Figure 1. CT Myelogram Sagittal Image. Large calcified mass at L3-L4 (white arrow) with critical spinal stenosis and myelographic block (green arrow); evidence of prior fusion L4-S1
In April 2014, a 63-year-old man presented to the Duke neurosurgery clinic with lower back pain that had begun about 6 weeks earlier. The symptoms had progressed to the point that he was unable to walk more than a few steps without severe pain and weakness. The patient had a remote history of multiple lumbar surgeries: a spinal fusion at L4-S1 in 1993 and several surgeries in 2003, with complications that included infection. Before being referred to Duke, the patient had been extensively evaluated by two other spine surgeons. A CT myelogram performed by one of those surgeons revealed a complete blockage of myelographic dye at L3-L4 by a large mass (Figure 1); however, an earlier MRI from 2005 showed no evidence of this mass.

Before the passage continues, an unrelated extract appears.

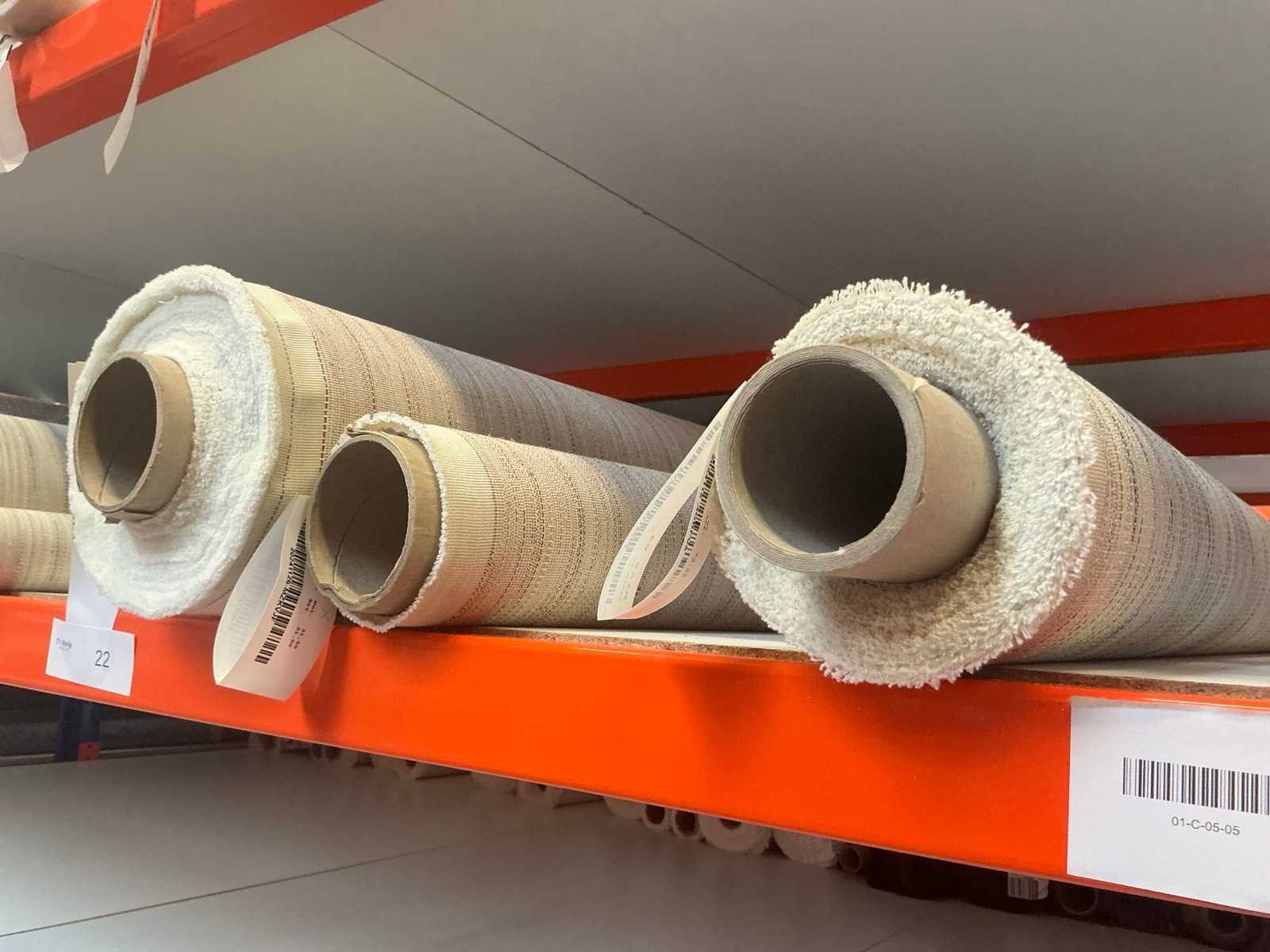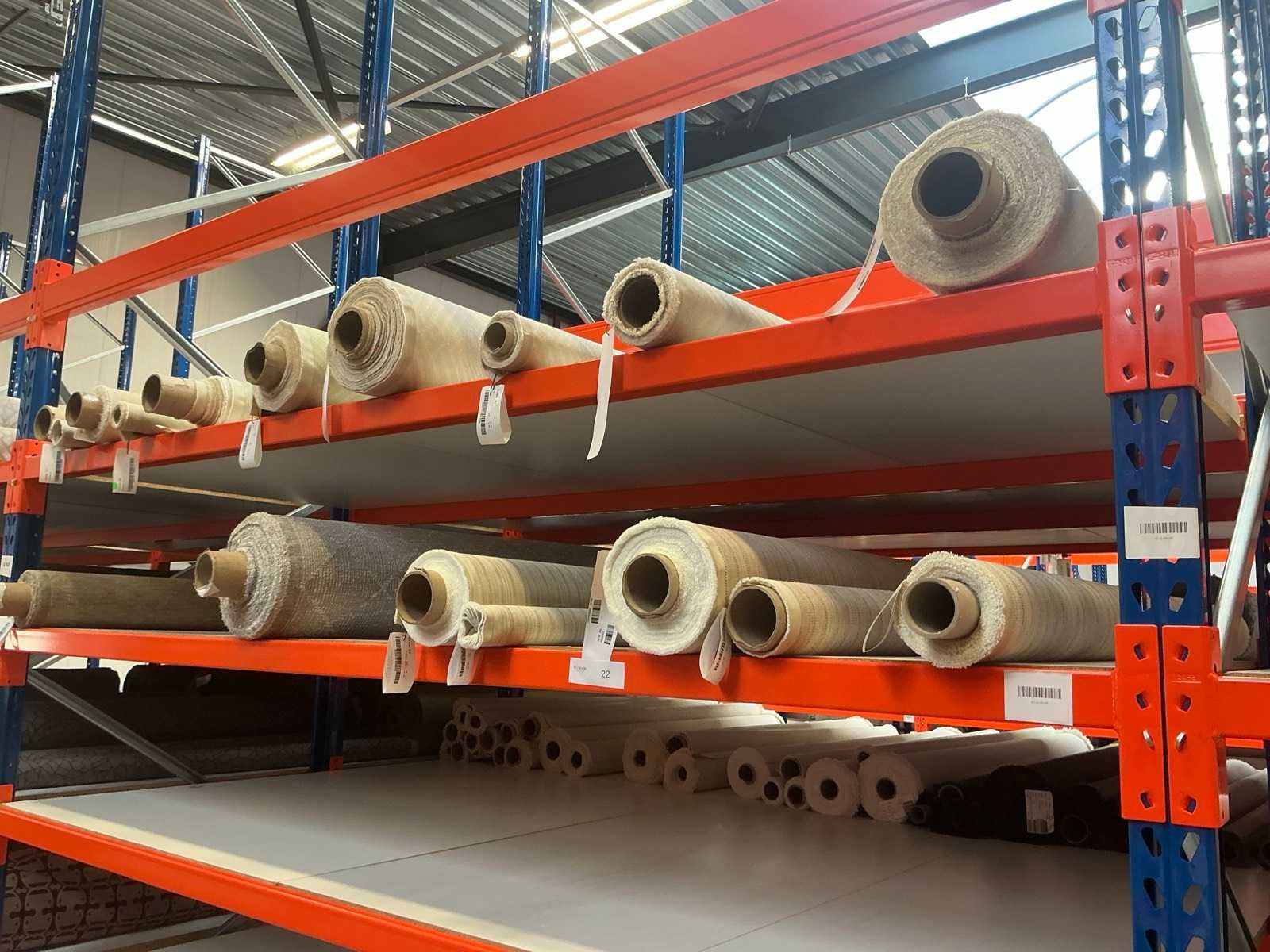 Bestaande uit inhoud sectie, diverse rollen textiel / stof. Diverse designs, soorten stof. Diverse lengtes

Duke neurosurgeon Oren Gottfried, MD, examined the patient, who was 6’ 2” and 270 lbs (body mass index of approximately 35 kg/m2), and found that he was unable to stand for more than a few seconds. Lower-extremity strength testing revealed substantial motor weakness in the tibialis anterior and extensor hallucis longus muscles on the left, but no severe strength deficits were present on the right. Patella and Achilles reflexes were absent bilaterally; sensation of the lower extremities appeared to be intact. Surprisingly, the patient reported no bowel or bladder symptoms.
What type of mass do you think was causing this patient’s symptoms?

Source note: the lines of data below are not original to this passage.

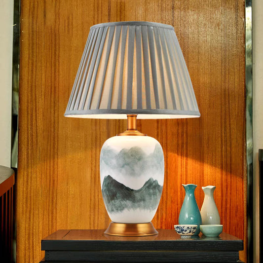 Kung Series Chinese Ink Landscape Painting Ceramic Table Lamp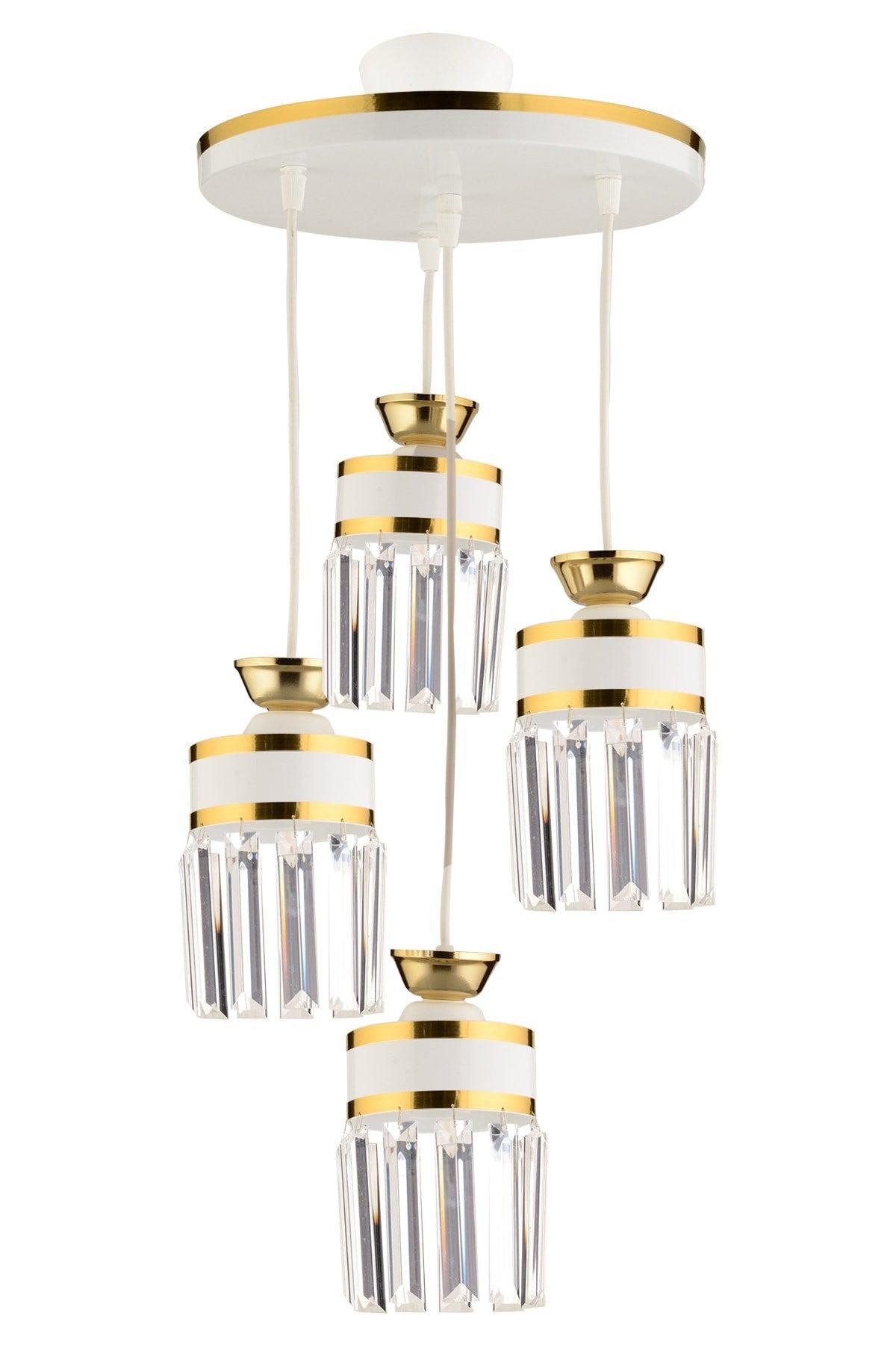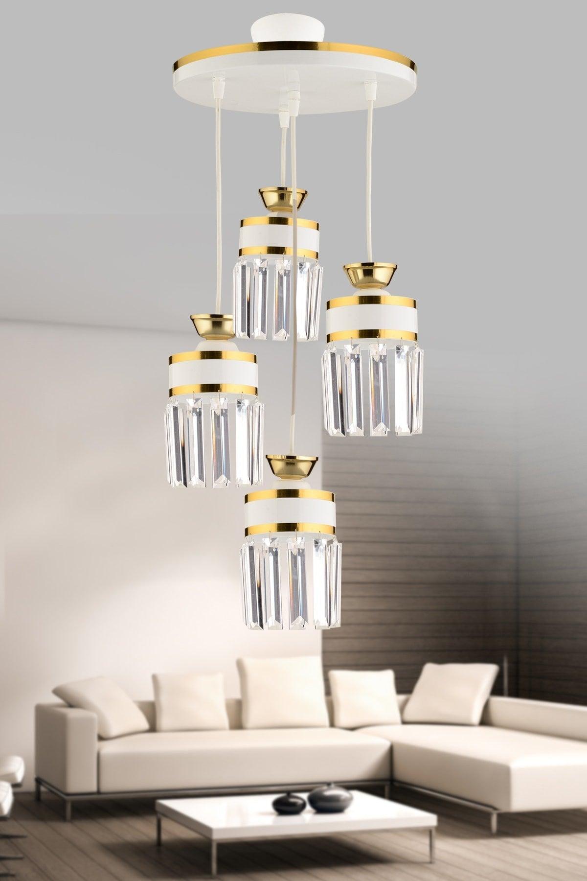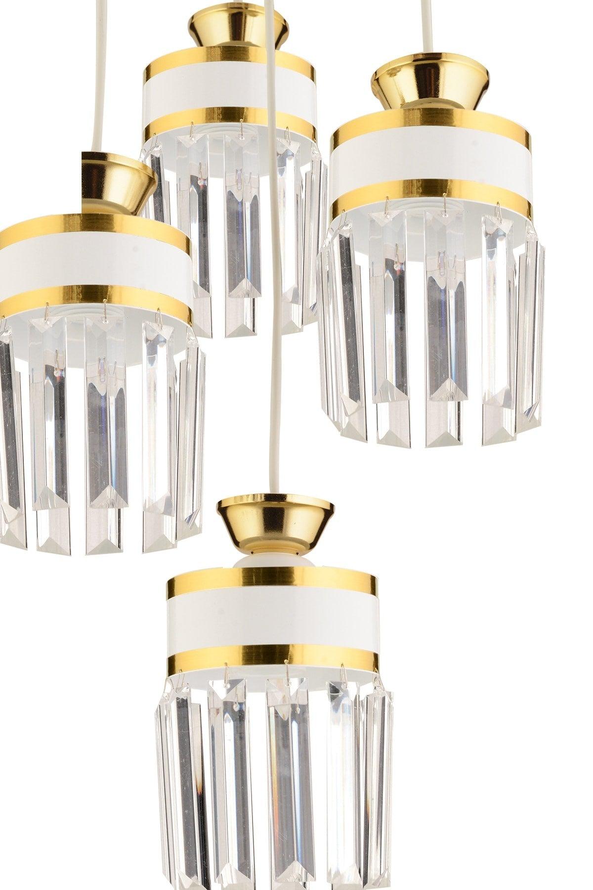 4. September weiß gelb vergoldete Pendellampe Kristallsteinschale Luxus Wohnzimmer Kronleuchter
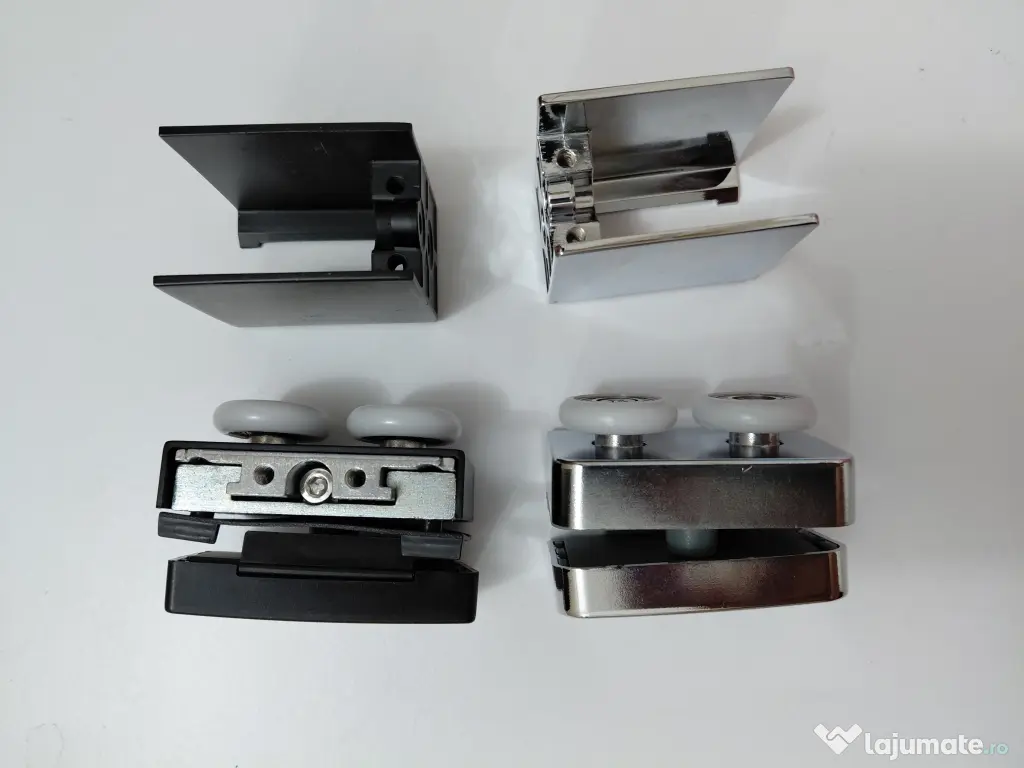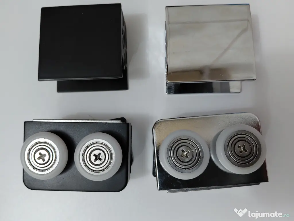 Role mari duble, negre sau cromate (preferentiale) pentru cabina dus/panouri de stica de 1 cm - 10 lei/buc, sau set de 4 role la pret de 40 lei continand si suport protectie/prindere (foto). Produsele sunt noi.

Answer: A very large ossified synovial cyst.
Figure 2. MRI T2-Weighted Axial Image. Large juxtafacet mass at L3-4 from left (white arrow) resulting in severe spinal stenosis on thecal nerve sac (green arrow)
Concerned about the severe stenosis present at L3-L4, Gottfried ordered an MRI to be performed that night (Figure 2), knowing that it would also aid in treatment planning. “The MRI did show what I considered to be the largest cyst I’ve ever seen. His thecal sac was completely obliterated by this cyst,” Gottfried said. “The other interesting thing about this mass was that it was totally calcified—most likely a bony cyst—which was unusual.”

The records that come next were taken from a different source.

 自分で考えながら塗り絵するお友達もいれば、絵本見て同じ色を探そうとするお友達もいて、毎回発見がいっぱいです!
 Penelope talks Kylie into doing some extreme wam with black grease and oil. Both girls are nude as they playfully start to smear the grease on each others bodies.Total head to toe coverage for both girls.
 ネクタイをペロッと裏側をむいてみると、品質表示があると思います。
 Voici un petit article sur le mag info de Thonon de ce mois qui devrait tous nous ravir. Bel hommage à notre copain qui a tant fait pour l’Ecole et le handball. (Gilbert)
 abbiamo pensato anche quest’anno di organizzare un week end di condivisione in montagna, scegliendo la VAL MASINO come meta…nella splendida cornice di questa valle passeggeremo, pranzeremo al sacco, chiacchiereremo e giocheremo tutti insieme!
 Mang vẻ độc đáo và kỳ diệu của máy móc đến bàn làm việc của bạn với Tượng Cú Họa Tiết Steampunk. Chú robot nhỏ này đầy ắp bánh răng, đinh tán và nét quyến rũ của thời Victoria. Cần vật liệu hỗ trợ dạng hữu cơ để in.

Gottfried suspected that the mass was an ossified synovial cyst, arising from the synovial membrane of the facet joints. Such cysts are usually caused by irritation from arthritis, joint stress from facet arthropathy, and instability. Gottfried explained that synovial cysts are very common as adjacent-level disease in patients who have undergone prior spinal-fusion surgeries.
“The referring neurosurgeon and orthopaedic surgeon thought the mass was an intradural cyst—most likely an arachnoid cyst,” Gottfried said. “But this didn’t really fit with why this patient would have developed it in the first place.” Removal of intradural arachnoid cysts requires very different surgery and management than removal of extradural cysts, Gottfried noted.
Although many spinal cysts can be managed conservatively, the size of the cyst, coupled with the patient’s progressive symptoms, warranted surgical intervention. Two days later, the patient underwent spinal surgery to have the cyst removed. It took Gottfried approximately 1 hour to tease out the adhesions of the ossified cyst using microdissection techniques. “With normal, noncalcified synovial cysts, the incidence of having a dural tear or complication is upwards of 10%,” Gottfried said, “but we were able to remove it without any tearing of the thecal sac and without any injury to the nerves.” To increase stability at the L3-L4 level, Gottfried also performed a spinal fusion. Pathology results showed that the mass consisted of bone only.
The patient woke from surgery with immediate improvement in his pain. “He actually walked postoperatively on day one,” Gottfried said, which was surprising given his preoperative symptoms and the size of the cyst. At 3-month follow-up, the patient was walking and was continuing to regain his endurance. “Considering how much pressure was on the nerves, it will probably take a good 6 months for the patient to get his endurance back,” Gottfried said at that time, adding that he expected the patient to make a full recovery.